The applicants, Forest Events Ltd, plan to bring more entertainment to the The 616 venue — a 13-double room holiday accommodation at Chapel Farm, Wellow.
However, residents are worried that should the licence be granted, they would be left with an inappropriate venue in the village.
The site’s cellar would be home to live and recorded music, while the supply of alcohol would be from 7am to 2am daily.
Michael Kheng, of Kurnia Consultants Ltd, who spoke at the on behalf of residents with objections, highlighted public nuisance, public safety and a fear of crime and disorder as issues that needed to be addressed.
“The residents believe it is totally inappropriate for a small village the size of Wellow,” said Mr Kheng.
“The site has a residential property around 30 metres away.
“There is no planning in place and a planning inspector has looked at the application and has deemed that they (the rooms) should only be used for holiday accommodation, and no other purpose.
“For that reason, we believe they should be refused.
“They (the applicants) should go through planning first — and we do not think it would be an easy path to get planning permission — but once they have that, they should comeback and then it could be justified as to why you could grant a premises license.
“There are all of the safety concerns, such as getting fire engines and ambulances to the site. The plan doesn’t conform.
“There is no clear, marked areas.

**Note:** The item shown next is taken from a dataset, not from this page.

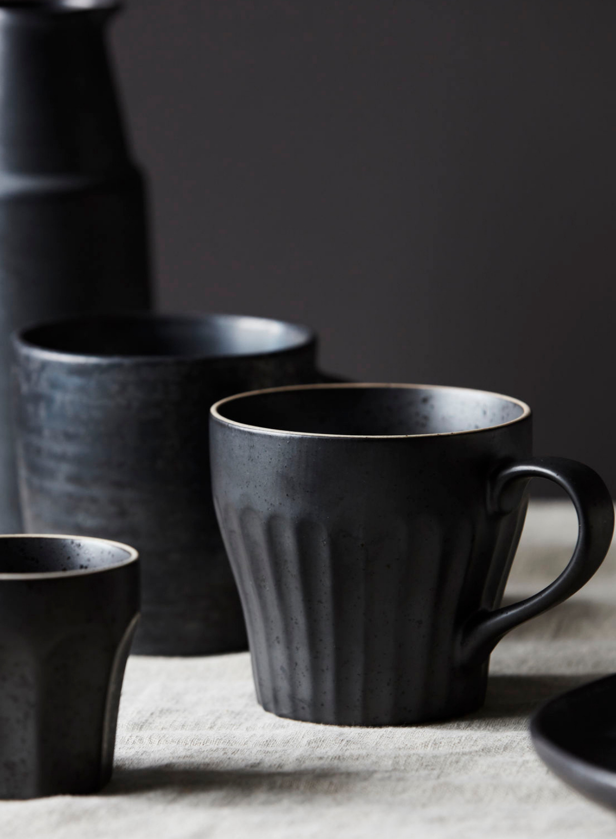 Looking for the next update to your dinnerware? Berica from House Doctor is a black stoneware cup that demands your attention in an understated way. The speckled glaze and fluted design come together to create a modern shape while the handle makes the cup comfortable to hold. It is ideal for everyday use, for your morning coffee or the spontaneous get-together with your friends. If you want to set an eye-grabbing table, combine Berica with the range of black cake plates and bowls from House Doctor.

There is no bar shown on the plans, no kitchen shown on the plans, which doesn’t fulfil the requirements or regulations, so the application should be dismissed on that point also.
“A similar application was made in East Riding of Yorkshire and was refused.”
David Chapelhow, who runs the business with his wife, Gair Kettles, said: “The application (premise licence) that we have is for a holiday cottage for up to 26 people.
“We strongly believe that whether it is ten or 20 people here, to be granted a licence is the responsible thing to do.
“We have looked at the issues regarding access and, in particular, the fire service and ambulance service do not have any objections whatsoever.
“Myself and my wife are responsible people and we are very good at what we do.
“There seems to be a misconception that if we are not granted this licence we will not be able to open or operate and, to clarify, all we want to do is be responsible and to be granted a licence for what happens here.
“There will be no impact on traffic movement and there will be no impact on the amount of people attending.
“There will be no impact on the day-to-day operation, but having a licence will make us responsibly and liable for whatever happens here.”
Mr Chapelhow also argued there was ample parking for more than 300 cars on owned fields and hard-standing land around the site, however, as it was outside of the submitted plans, it was overlooked by the licensing committee, which was concerned that attendees would park on the lane approaching the site, and that a nearby open bridge, mixed with a lack of street lighting and alcohol, would present danger.